How to complete this task
Write out again, word for word, the lines below from the line that holds "MUKOKO Glass Water" through the line that holds "4、按照下图提示完成命名、勾", omitting pictures.

Given information
--- START ---

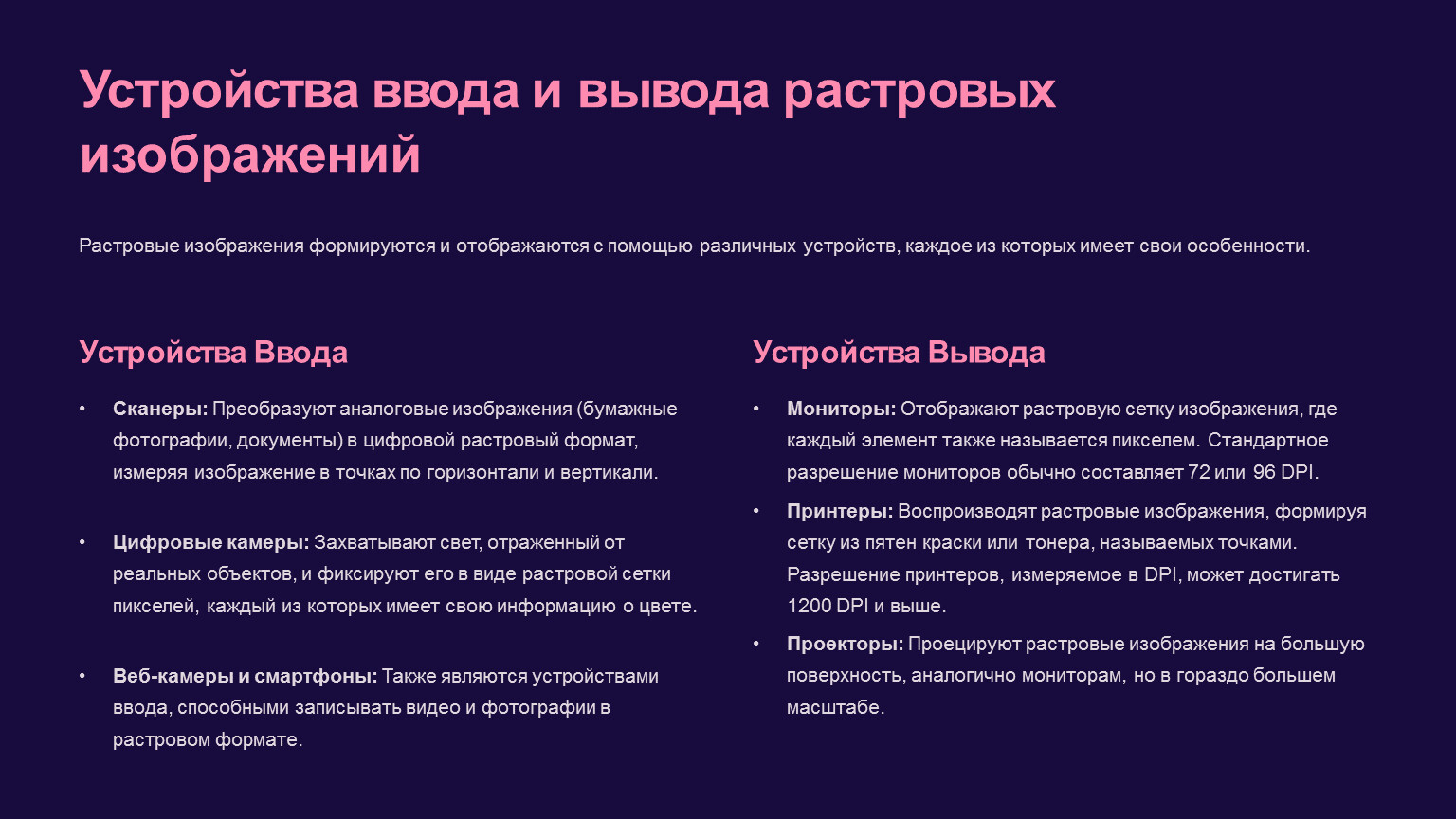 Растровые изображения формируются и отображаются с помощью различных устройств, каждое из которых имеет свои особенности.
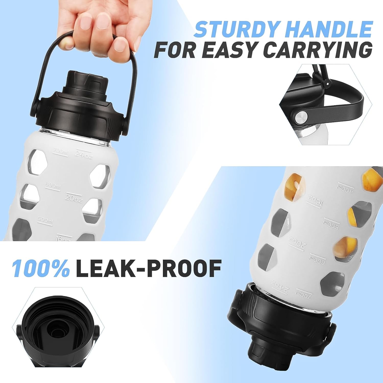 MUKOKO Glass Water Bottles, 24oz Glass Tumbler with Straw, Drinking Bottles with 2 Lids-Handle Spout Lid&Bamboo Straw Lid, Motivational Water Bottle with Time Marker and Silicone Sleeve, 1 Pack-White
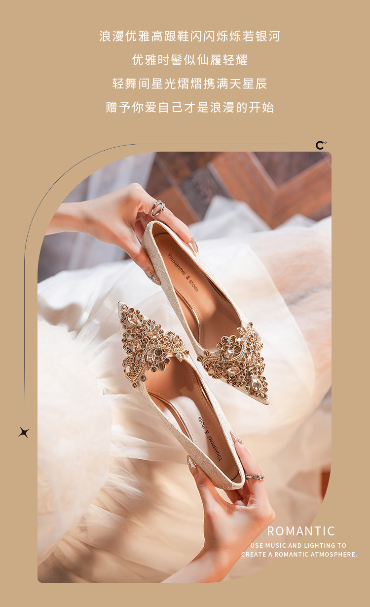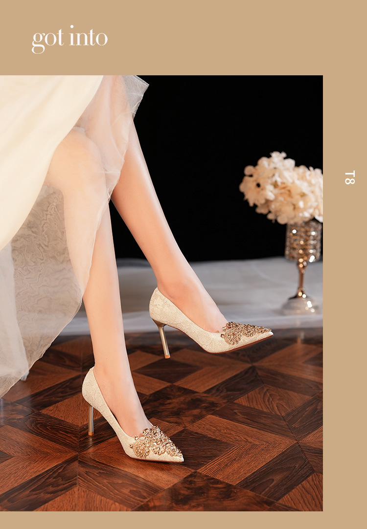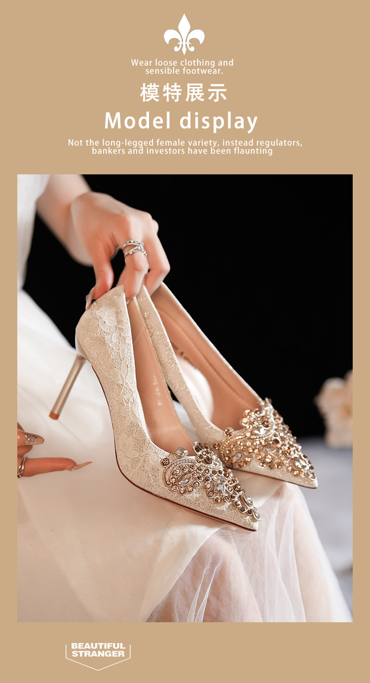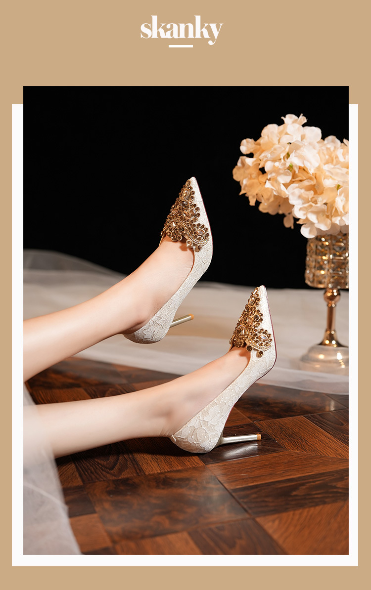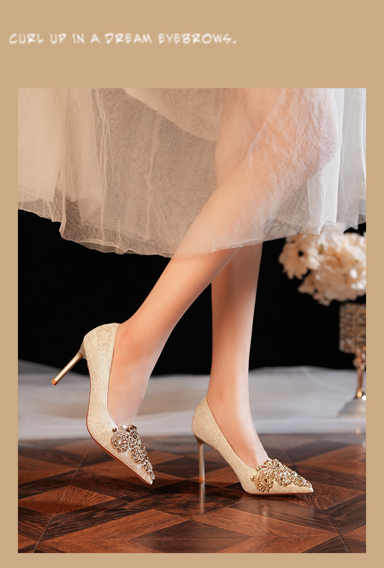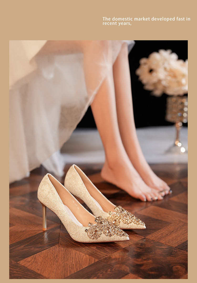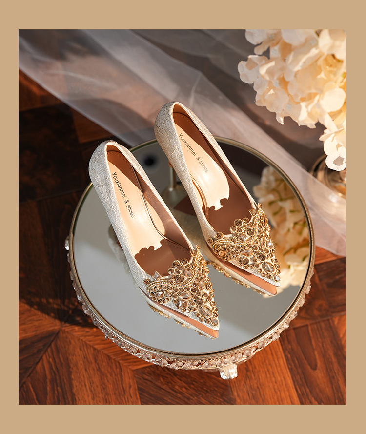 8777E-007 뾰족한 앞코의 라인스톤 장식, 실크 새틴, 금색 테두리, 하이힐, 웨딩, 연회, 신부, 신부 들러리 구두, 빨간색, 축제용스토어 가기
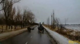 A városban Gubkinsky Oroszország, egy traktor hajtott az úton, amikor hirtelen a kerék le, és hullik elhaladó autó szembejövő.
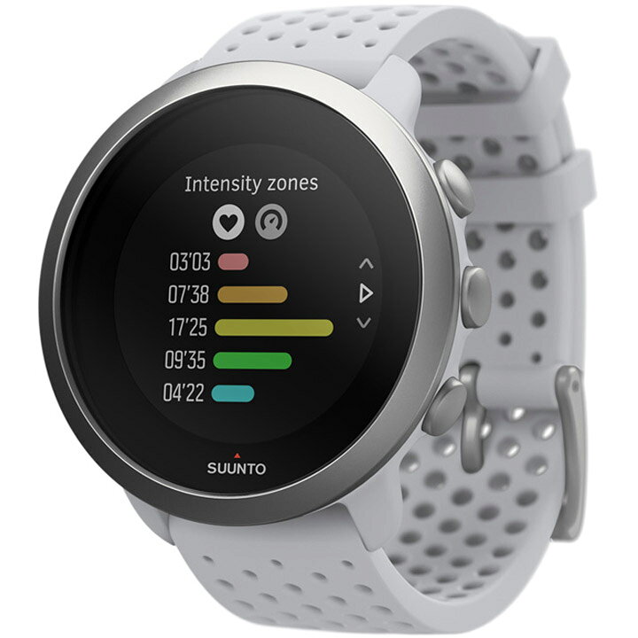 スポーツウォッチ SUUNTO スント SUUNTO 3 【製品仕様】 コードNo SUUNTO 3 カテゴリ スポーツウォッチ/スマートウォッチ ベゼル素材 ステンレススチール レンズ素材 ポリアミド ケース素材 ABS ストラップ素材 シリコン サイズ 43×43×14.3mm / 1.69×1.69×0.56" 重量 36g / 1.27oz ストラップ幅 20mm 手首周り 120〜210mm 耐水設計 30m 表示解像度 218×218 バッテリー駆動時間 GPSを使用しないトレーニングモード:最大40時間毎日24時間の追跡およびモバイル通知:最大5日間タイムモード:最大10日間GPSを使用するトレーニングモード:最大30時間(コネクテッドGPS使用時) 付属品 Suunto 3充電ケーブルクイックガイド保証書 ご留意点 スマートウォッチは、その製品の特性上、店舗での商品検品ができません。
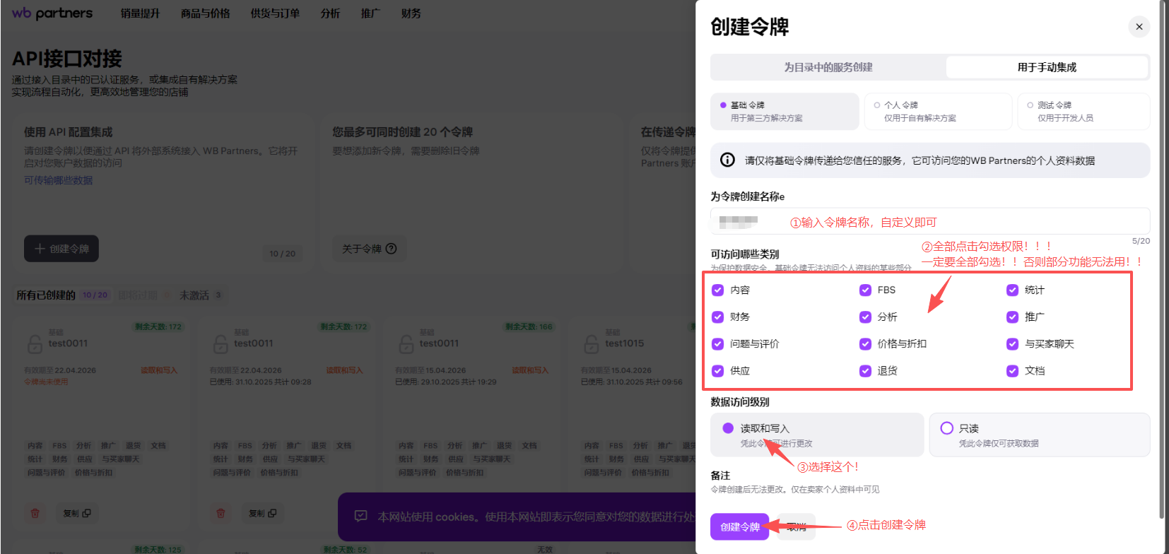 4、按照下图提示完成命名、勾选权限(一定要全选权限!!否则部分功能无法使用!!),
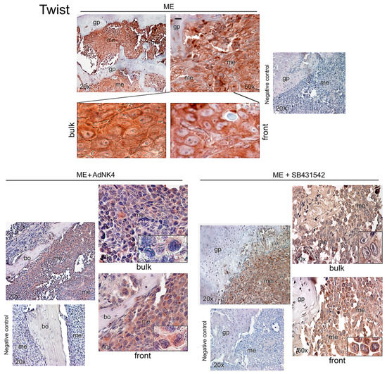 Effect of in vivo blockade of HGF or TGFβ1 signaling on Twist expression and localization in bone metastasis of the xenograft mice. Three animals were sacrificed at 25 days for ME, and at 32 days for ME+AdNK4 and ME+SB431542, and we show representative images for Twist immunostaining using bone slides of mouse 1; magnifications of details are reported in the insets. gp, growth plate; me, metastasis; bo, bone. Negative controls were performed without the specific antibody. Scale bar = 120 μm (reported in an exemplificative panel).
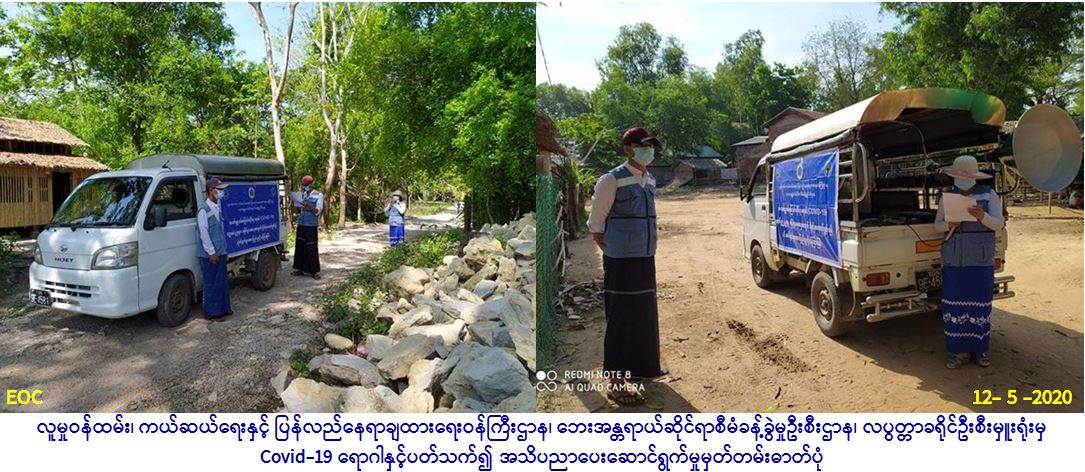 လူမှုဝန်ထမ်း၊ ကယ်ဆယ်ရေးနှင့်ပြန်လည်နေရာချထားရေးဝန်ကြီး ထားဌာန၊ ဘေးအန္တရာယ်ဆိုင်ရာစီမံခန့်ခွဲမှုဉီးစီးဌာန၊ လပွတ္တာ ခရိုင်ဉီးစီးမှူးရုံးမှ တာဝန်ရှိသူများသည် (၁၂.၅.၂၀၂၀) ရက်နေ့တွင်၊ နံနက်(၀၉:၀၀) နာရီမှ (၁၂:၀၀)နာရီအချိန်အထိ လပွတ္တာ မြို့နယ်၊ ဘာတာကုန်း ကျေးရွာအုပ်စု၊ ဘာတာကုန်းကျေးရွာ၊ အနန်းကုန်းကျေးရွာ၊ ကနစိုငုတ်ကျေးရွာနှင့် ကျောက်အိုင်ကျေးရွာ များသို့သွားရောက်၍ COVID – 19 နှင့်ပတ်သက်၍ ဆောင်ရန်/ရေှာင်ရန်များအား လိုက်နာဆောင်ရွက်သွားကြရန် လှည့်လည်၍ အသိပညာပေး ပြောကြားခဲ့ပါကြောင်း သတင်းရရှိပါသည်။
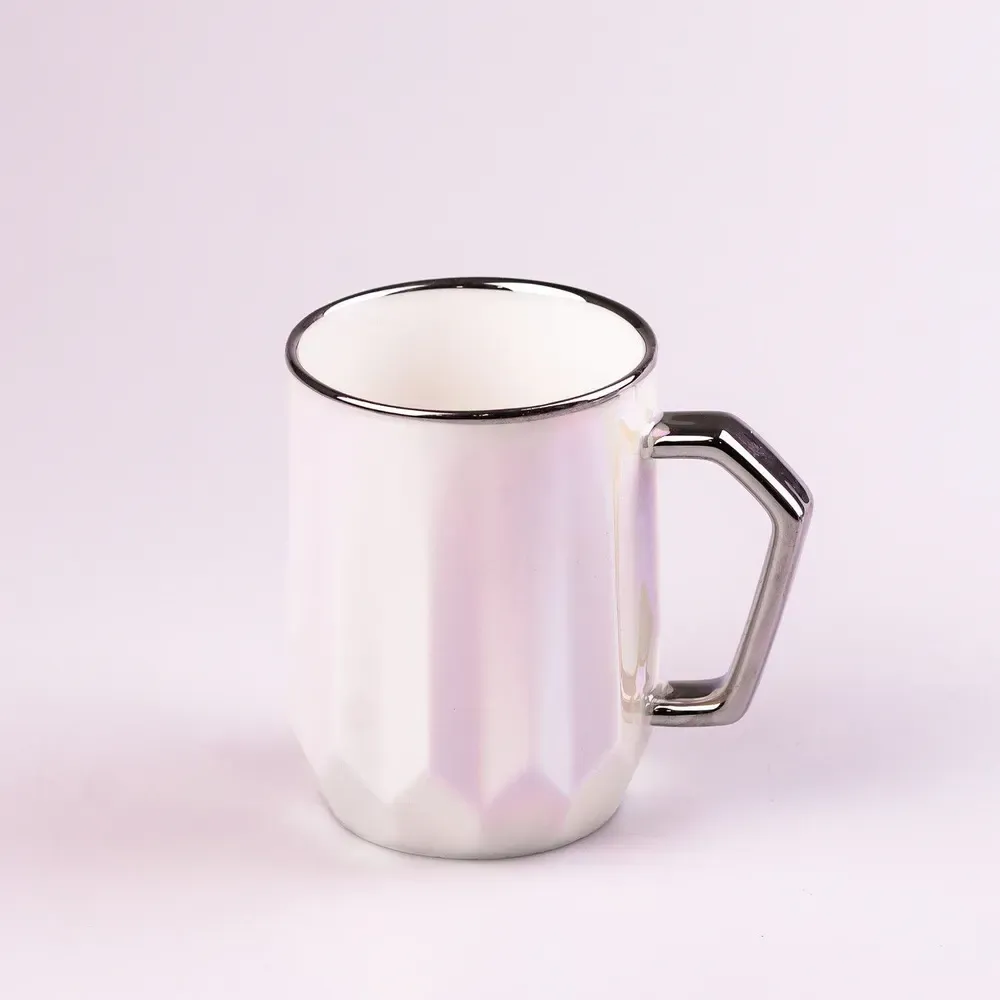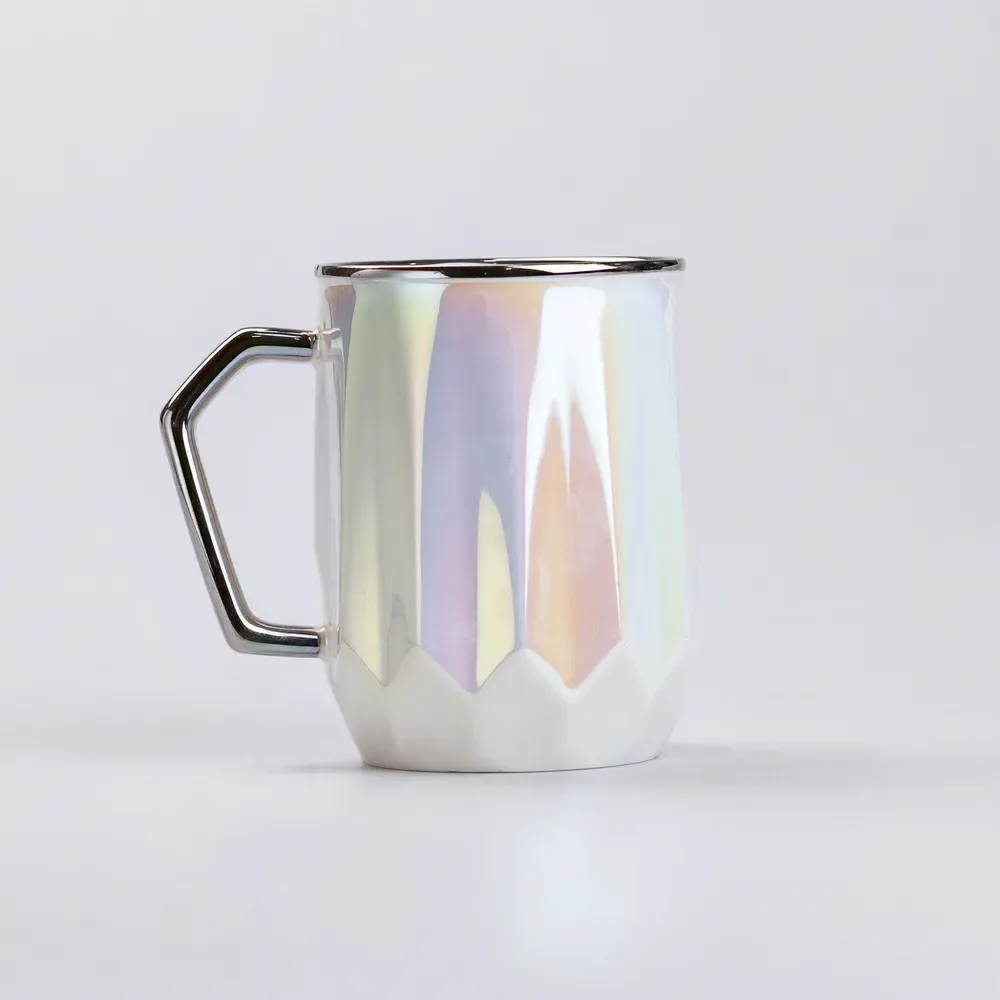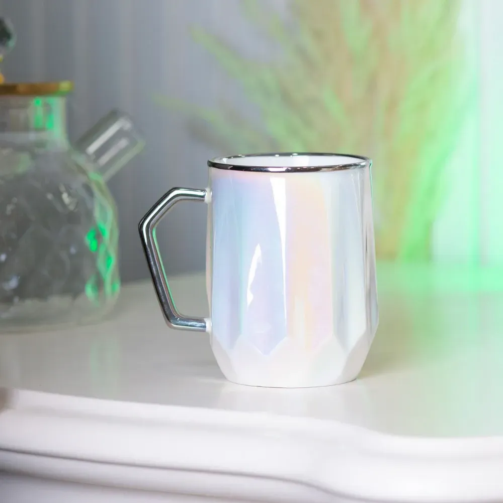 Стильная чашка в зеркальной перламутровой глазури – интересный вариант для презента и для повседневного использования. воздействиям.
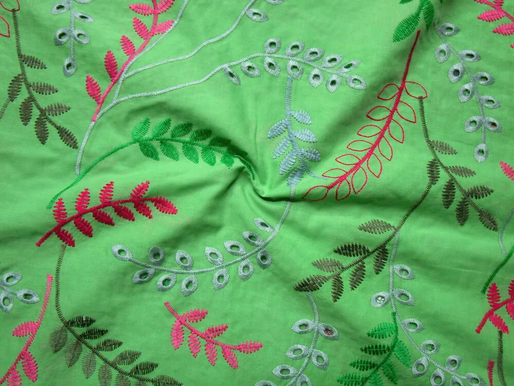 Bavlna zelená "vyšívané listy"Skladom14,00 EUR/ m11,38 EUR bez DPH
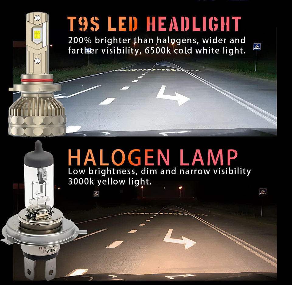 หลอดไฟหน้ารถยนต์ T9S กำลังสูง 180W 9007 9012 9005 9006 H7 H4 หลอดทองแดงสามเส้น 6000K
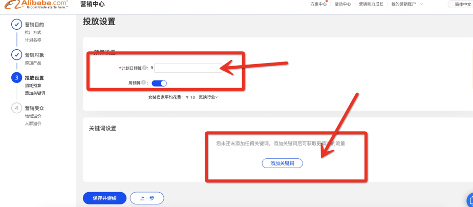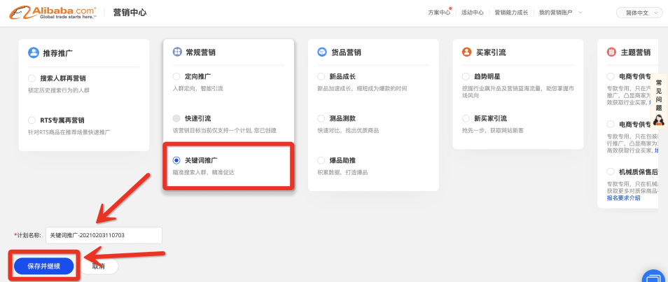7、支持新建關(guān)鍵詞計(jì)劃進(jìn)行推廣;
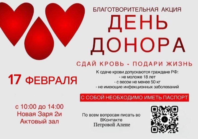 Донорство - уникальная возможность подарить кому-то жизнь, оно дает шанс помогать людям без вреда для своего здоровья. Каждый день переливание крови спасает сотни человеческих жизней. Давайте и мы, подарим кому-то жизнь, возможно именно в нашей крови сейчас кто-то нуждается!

--- END ---

Problem solution
 MUKOKO Glass Water Bottles, 24oz Glass Tumbler with Straw, Drinking Bottles with 2 Lids-Handle Spout Lid&Bamboo Straw Lid, Motivational Water Bottle with Time Marker and Silicone Sleeve, 1 Pack-White
 8777E-007 뾰족한 앞코의 라인스톤 장식, 실크 새틴, 금색 테두리, 하이힐, 웨딩, 연회, 신부, 신부 들러리 구두, 빨간색, 축제용스토어 가기
 A városban Gubkinsky Oroszország, egy traktor hajtott az úton, amikor hirtelen a kerék le, és hullik elhaladó autó szembejövő.
 スポーツウォッチ SUUNTO スント SUUNTO 3 【製品仕様】 コードNo SUUNTO 3 カテゴリ スポーツウォッチ/スマートウォッチ ベゼル素材 ステンレススチール レンズ素材 ポリアミド ケース素材 ABS ストラップ素材 シリコン サイズ 43×43×14.3mm / 1.69×1.69×0.56" 重量 36g / 1.27oz ストラップ幅 20mm 手首周り 120〜210mm 耐水設計 30m 表示解像度 218×218 バッテリー駆動時間 GPSを使用しないトレーニングモード:最大40時間毎日24時間の追跡およびモバイル通知:最大5日間タイムモード:最大10日間GPSを使用するトレーニングモード:最大30時間(コネクテッドGPS使用時) 付属品 Suunto 3充電ケーブルクイックガイド保証書 ご留意点 スマートウォッチは、その製品の特性上、店舗での商品検品ができません。
 4、按照下图提示完成命名、勾选权限(一定要全选权限!!否则部分功能无法使用!!),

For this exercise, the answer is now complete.